EDITOR'S CHOICE IN RNA INTERFERENCE
COURTESY OF PHILLIP DUMESIC, UCSF (Adapted from Transposon by Lauren Solomon, Broad Institute)
P.A. Dumesic et al., “Stalled spliceosomes are a signal for RNAi-mediated genome defense,” Cell, 152:957-68, 2013.
Although small interfering RNAs (siRNAs) are largely explored today for their potential in gene therapy, the phenomenon was first described in plants, which employ siRNAs to disable foreign RNA from viral infections. Researchers have since learned that siRNAs also play a role in suppressing transposable elements, which replicate and reinsert throughout the genome, occasionally disrupting the function of essential genes. Now, Hiten Madhani of the University of California, San Francisco, and colleagues have implicated the spliceosome, a molecular complex that excises introns from pre-messenger RNAs (pre-mRNAs), in siRNA-mediated suppression.
The splice of life
Like any gene, transposable elements are transcribed into pre-mRNAs that must be processed by the spliceosome. Madhani’s team noticed, however, that transposable-element pre-mRNAs appeared to be associated with spliceosomes more frequently than other pre-mRNAs.

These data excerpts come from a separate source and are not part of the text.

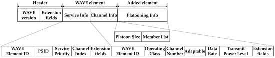 In DUPP, three segments (Service Info, Channel Info, and Platooning Info) are used for the leader node’s WSA message as shown in Figure 2, which illustrates a new WSA message used for DUPP designed for urban platooning. To notify the availability of urban platooning, the Platooning Info segment is newly added. The size of the WSA message used for DUPP is a total of 48 bytes. We discuss each segment in detail in the following.
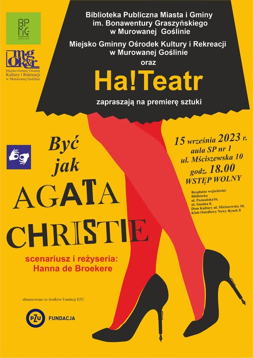 Reżyserka i scenarzystka, Hanna de Broekere, miłośniczka twórczości Agaty Christie, chcąc uczcić 130 rocznicę urodzin najpopularniejszej autorki kryminałów przypadającą na 2020 rok, napisała komedię BYĆ JAK AGATA CHRISTIE. Tekst powstał najpierw w języku angielskim, jednak trudności ze znalezieniem aktorów wymusiły napisanie komedii po polsku. Po krótkiej serii niepowodzeń związanych z pandemią, w 2022 roku, przy wsparciu kierowniczki Osiedlowego Klubu Kultury i dyrektorki Biblioteki Publicznej Miasta i Gminy w Murowanej Goślinie, powstała grupa teatralna Ha!Teatr.
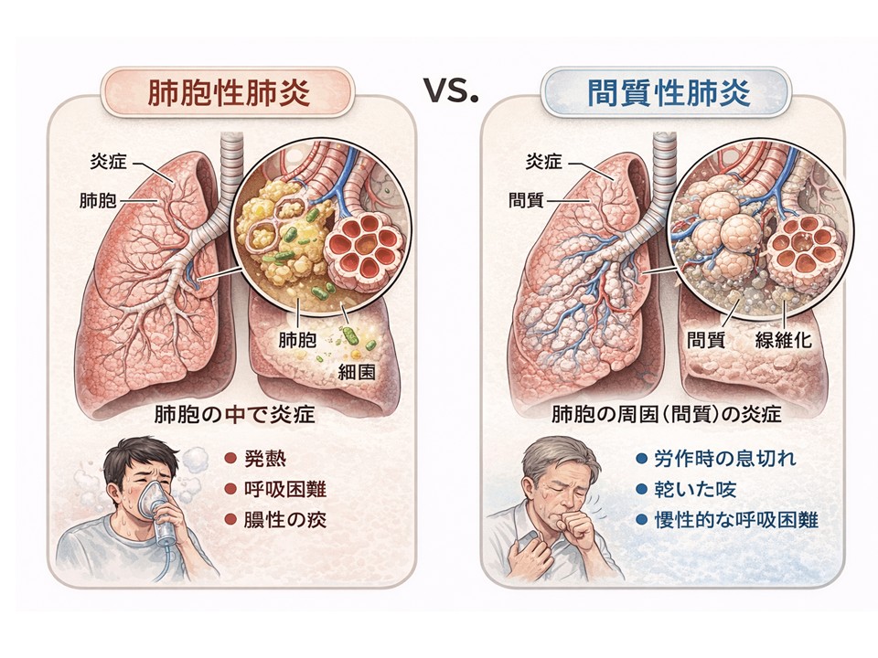 • 間質性肺炎:肺胞の周囲に炎症が起こり、治りにくく肺機能が低下しやすいタイプである。主にウイルスや一部の細菌・真菌が関係する。
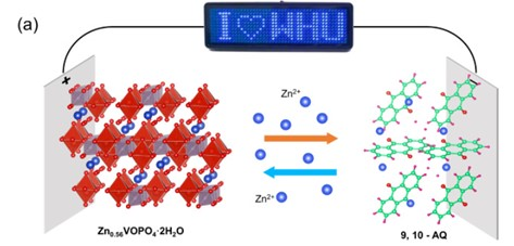 水系锌离子电池具有安全性高、原料丰富、成本低廉、绿色环保等诸多优点,是大规模储能电池的理想选择之一。然而目前锌金属负极存在枝晶、腐蚀、钝化和利用率低等问题。尽管目前有很多针对锌金属和电解液的改性策略,但是都没有从根本上解决上述问题。开发含锌正极与非锌负极相匹配的“摇椅式”电池是应对上述挑战的一种有效策略,然而,这种能够提供可逆和稳定的Zn2+存储的含锌结构却很少报道。赵栋等通过溶剂热还原法制取了Zn0.56VOPO4∙2H2O,并首次揭示了其储锌机理,该正极可提供104.2 mAh g-1的可逆容量和优异的循环性能。与有机材料9,10-AQ匹配构建了“摇椅式”水系锌离子电池,400周循环后容量保持率为87.4%,该工作可为大规模储能用水系锌离子电池的设计提供新思路。
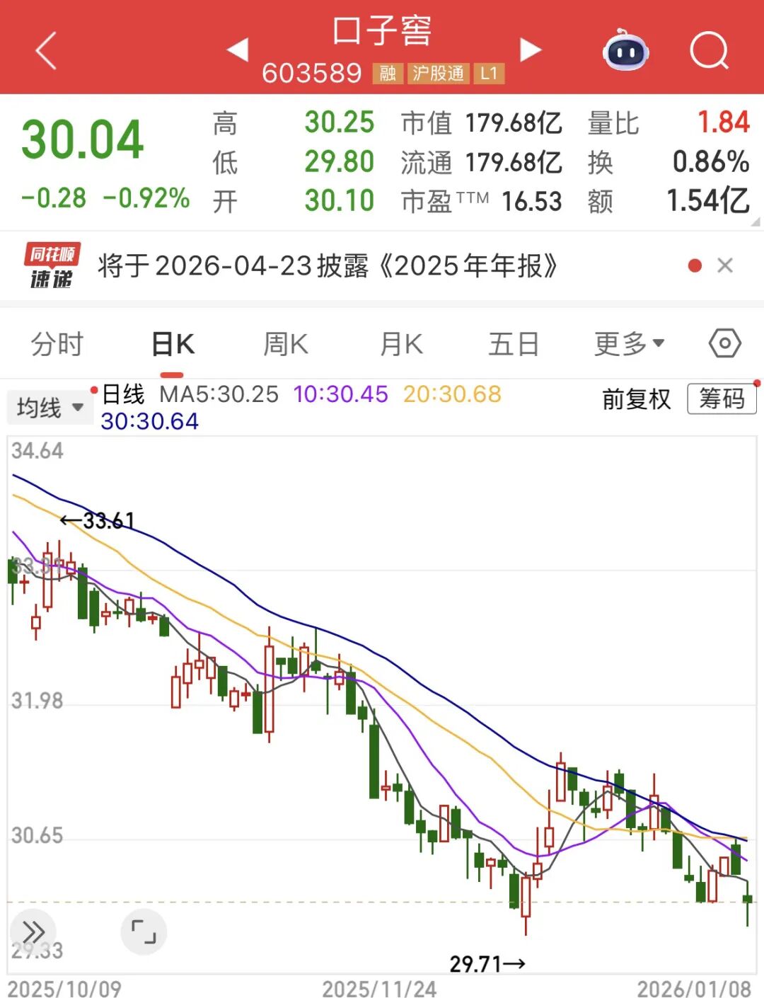 对于这份腰斩的“成绩单”,市场似乎并不意外。1月8日,口子窖以30.1元的价格低开,收跌0.92%,收盘价30.04元。
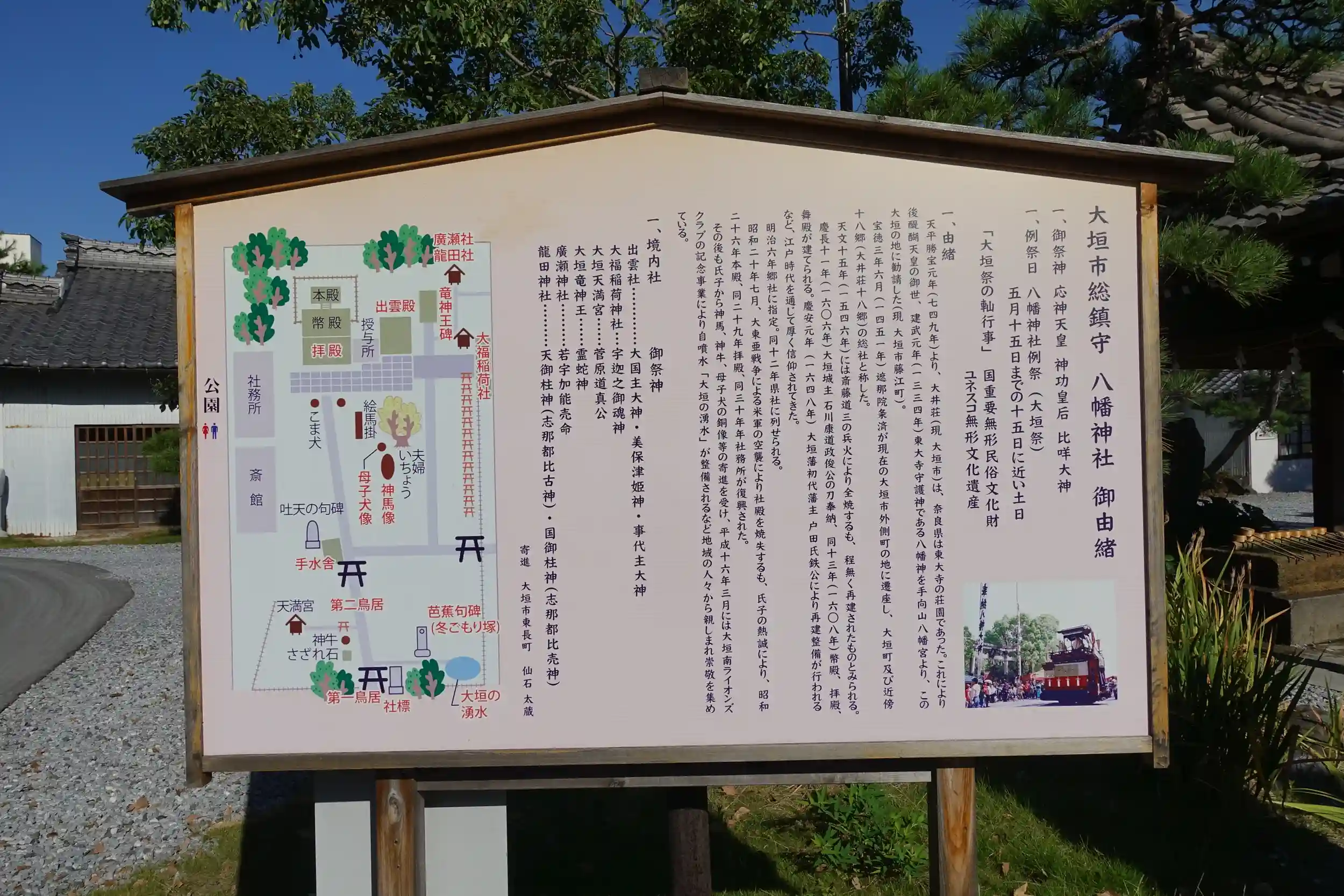 1334年(建武元年)に奈良にある東大寺の鎮守社「手向山八幡宮」の祭神をを勧請したのが始まりで、大垣市の総鎮守です。
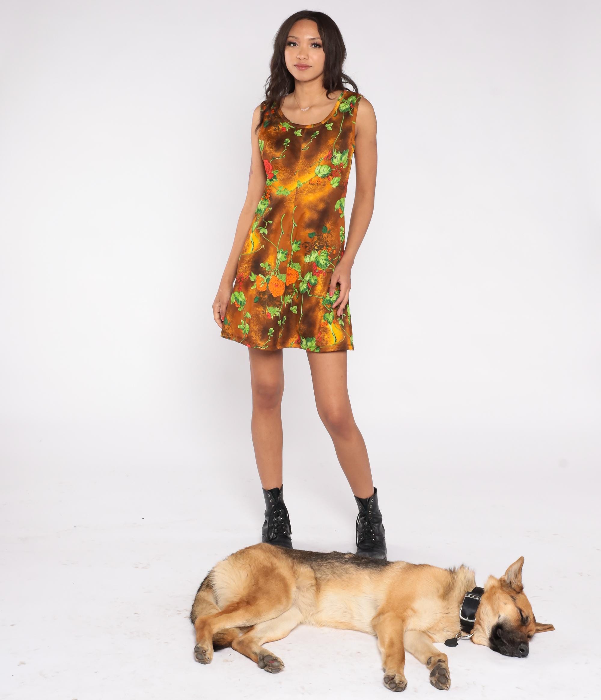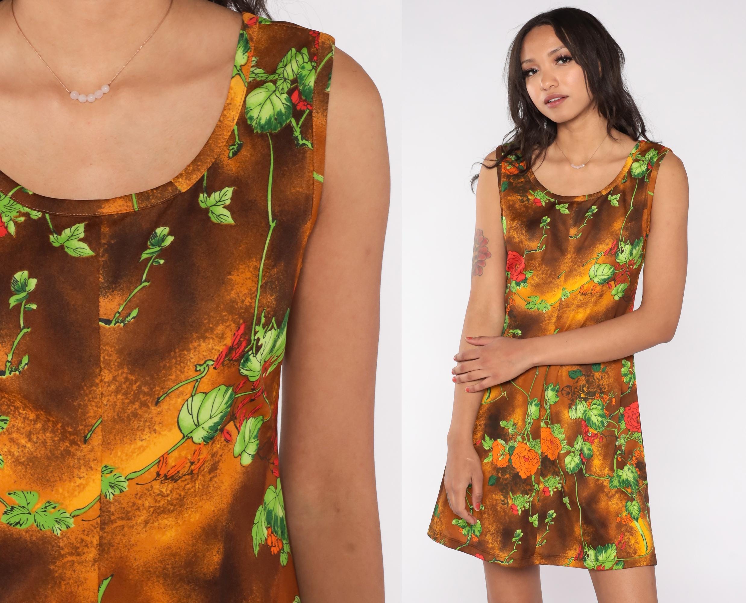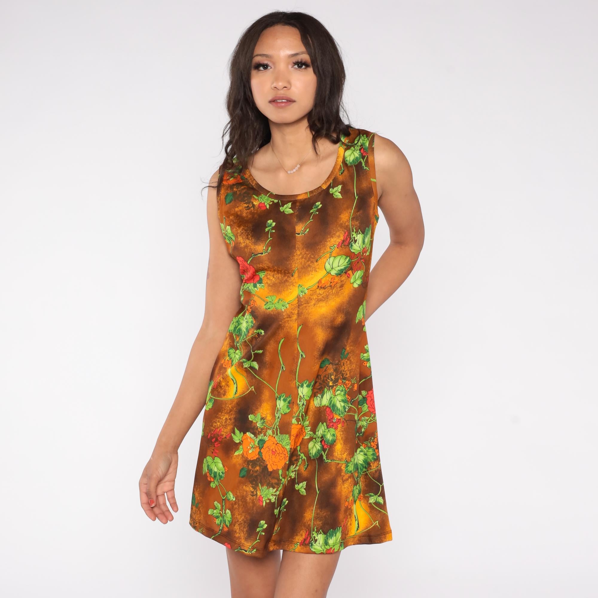 70s mini dress with burnt orange to amber gradient background. Features climbing roses in red-orange tones with bright green leaves. Sleeveless with scoop neck and straight hem.
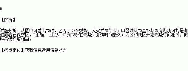 下图是通过GIS工具将某地区一次森林大火事件T0至T3等四个时间卫星影像,加以分析绘制成的森林大火燃烧示意图。 从该地区森林大火燃烧情况推断,下列最为合理的是( )
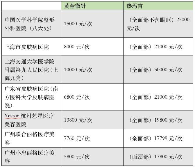 而熱瑪吉則相對簡單,因為其調(diào)節(jié)儀器單一,一般900發(fā)的價格在20000元以上,不同的醫(yī)療機(jī)構(gòu)有不同的定價。據(jù)21新健康記者調(diào)查目前市場上主流醫(yī)療機(jī)構(gòu)定價如下表。
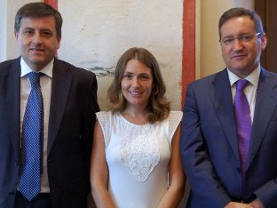 El presidente de GreenPower, Juan M. Carrasco, la consejera delegada de Invercaria, Laura Gómiz, y el consejero delegado de GreenPower, Eduardo Galván.
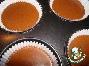 Готовое тесто разлить в формочки для кексов,оставляя примерно 1см

When the researchers searched for proteins associated with the spliceosome and with siRNAs, they discovered a novel complex they dubbed spliceosome-coupled and nuclear RNAi, or SCANR, that appeared to be involved in producing siRNAs. Madhani reasoned that the spliceosome was “being used to recognize self- from nonself-DNA,” such as transposable elements. Such transcripts would have been introduced later in a cell’s evolution, and may not be optimized for the cell’s splicing machinery, causing it to stall, thereby giving SCANR more time to produce siRNA against the offending message.
The paper reveals “an unexpected and previously unappreciated way for the cell to score an RNA as ‘aberrant’ and therefore in need of silencing,” says Erik Sontheimer, a researcher at Northwestern University.